Based on testimony introduced thus far, there’s a bit of a gray area between Zimmerman eyeballing Martin, Martin taking umbrage as he noticed he was under observation, and the beginning of the physical confrontation that ended with the shooting. But there’s not much to indicate that Zimmerman provoked a fight with aggressive behavior; a neighborhood watch volunteer briefly following someone through his own neighborhood is not an “attack.” Another prosecution witness delivered a blow to the second-degree murder case today when a police investigator testified “Zimmerman didn’t seem to have any ill-will, anger, or hatred for” Martin during interviews after the shooting, as reported by the Orlando Sentinel.
With all due allowance for the confusion that may result when layman observers weigh in on legal matters, one of the prosecution’s witnesses testified seeing Trayvon Martin beating the hell out of Zimmerman with a mixed-martial-arts “ground and pound.” One minor point of forensic confusion seemed to clear up today, when the absence of cuts and bruises on Martin’s knuckles was explained by the observation that he was delivering “hammer blows” with the bottoms of his fists. It’s hard to make the case that a person taking that kind of beating is supposed to lie quietly and hope the attacker doesn’t maim or kill him… especially when Zimmerman has testified that Martin explicitly told him, “You are going to die tonight.”
On Monday, an FBI expert testified there wasn’t enough clean audio of the confrontation to determine whether Zimmerman or Martin was the one screaming for help. Martin’s parents are expected to testify that he’s the one doing the screaming, although Martin’s father at one point told police it was not his son’s voice, and Zimmerman’s father insists it was his son crying for help. There isn’t much left to clear up except nailing down how long Zimmerman was outside his vehicle – he has said he was looking at street signs and house numbers to pin down Martin’s exact location during his call to the police. There’s some confusion about whether the police dispatcher he was speaking with ordered him to return to his vehicle, or even had the authority to issue such an order. Murderous malice will be difficult to conjure from such details; at worst, the prosecution will be able to make Zimmerman look careless or over-zealous. And he’s not on trial for carelessness, zealotry, or paranoia, is he?

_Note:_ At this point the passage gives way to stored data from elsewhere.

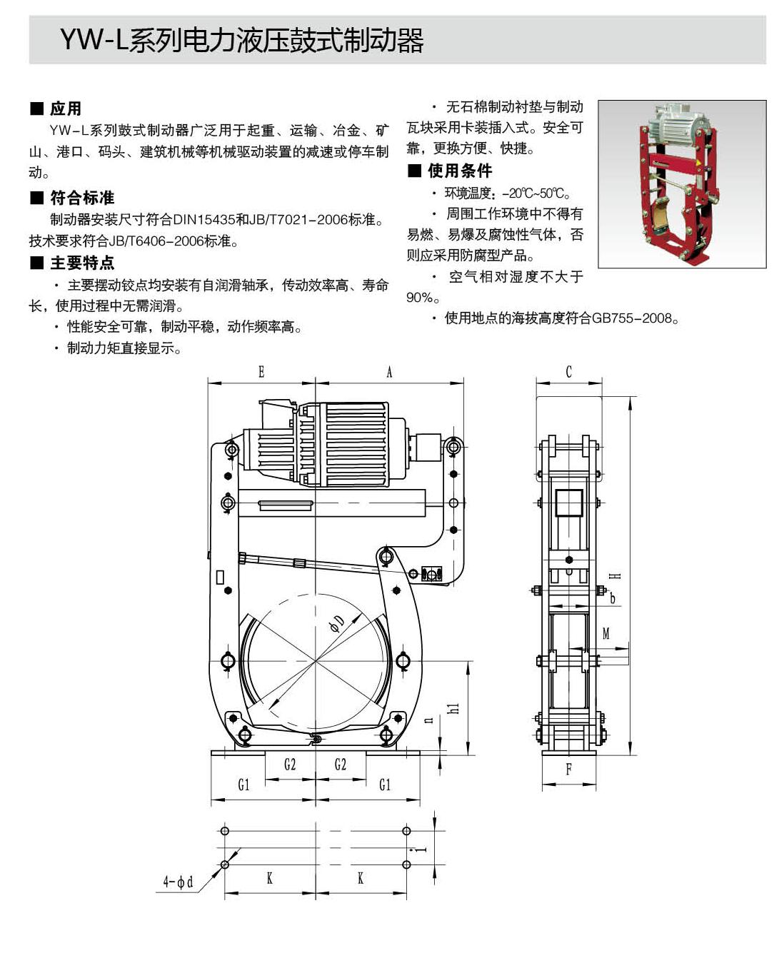 YW-L系列制动器连接尺寸及制动力矩参数符合JB/T6406-2006标准和DIN15435标准。配套符合DIN15430标准的Ed系列推动器。
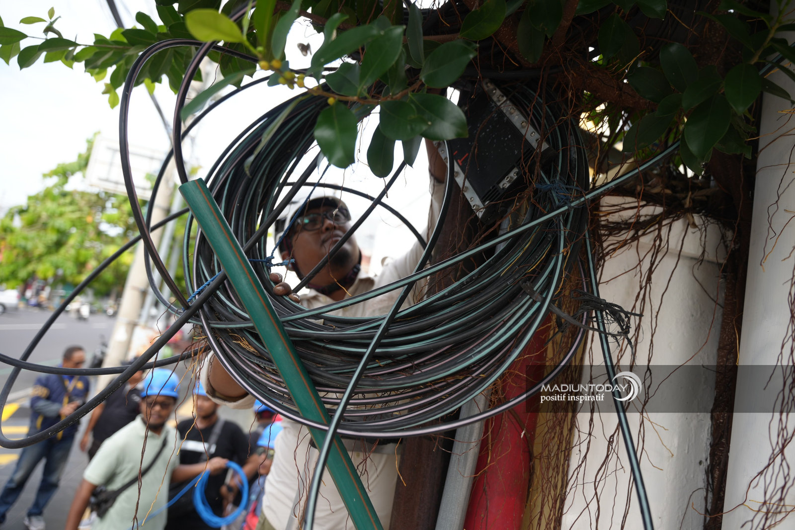 MADIUN – Pemerintah Kota Madiun mulai menata kabel jaringan provider di sepanjang Jalan Panglima Sudirman hingga Jalan Dr. Sutomo, Jumat (9/1). Kegiatan ini merupakan tindak lanjut arahan Wali Kota Madiun Dr. Maidi dalam rapat koordinasi bersama provider sehari sebelumnya. Penataan dilakukan untuk menertibkan jaringan utilitas agar lebih rapi, aman, dan sesuai ketentuan.
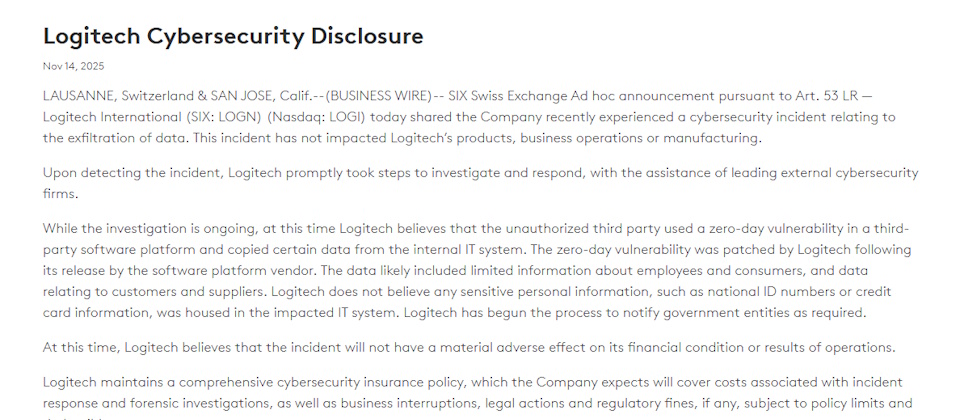 該公司初步調查研判,未授權第三方攻擊者利用「第三方軟體平臺」的零時差漏洞,從內部IT系統複製了部份資料。在甲骨文公告後,羅技已經修補了零時差漏洞。外洩的資料可能包含員工及消費者部份資訊、以及客戶、供應商資料。

It’s remarkable how far these details have taken us from the original storyline pumped through sizzling-hot media wires to every corner of America. The police were not incompetent or racist in their hesitation to immediately arrest Zimmerman – there is a law in Florida that says they needed concrete reasons to doubt his claims of self-defense, and although the media was extremely lax (or in some cases, openly duplicitous) in reporting it, the evidence always gave at least superficial support to Zimmerman’s claim. Early media coverage was driven by groups that wanted to manufacture outrage. Press releases were ripped and read as news. And no matter how poorly the case goes for the prosecution, the media is reluctant to admit it got played, or deliberately sought to play its audience, when the story went national last year. There really haven’t been many surprises in the courtroom so far. The lack of surprises that would help the prosecution make their inflated charges stick is the big news.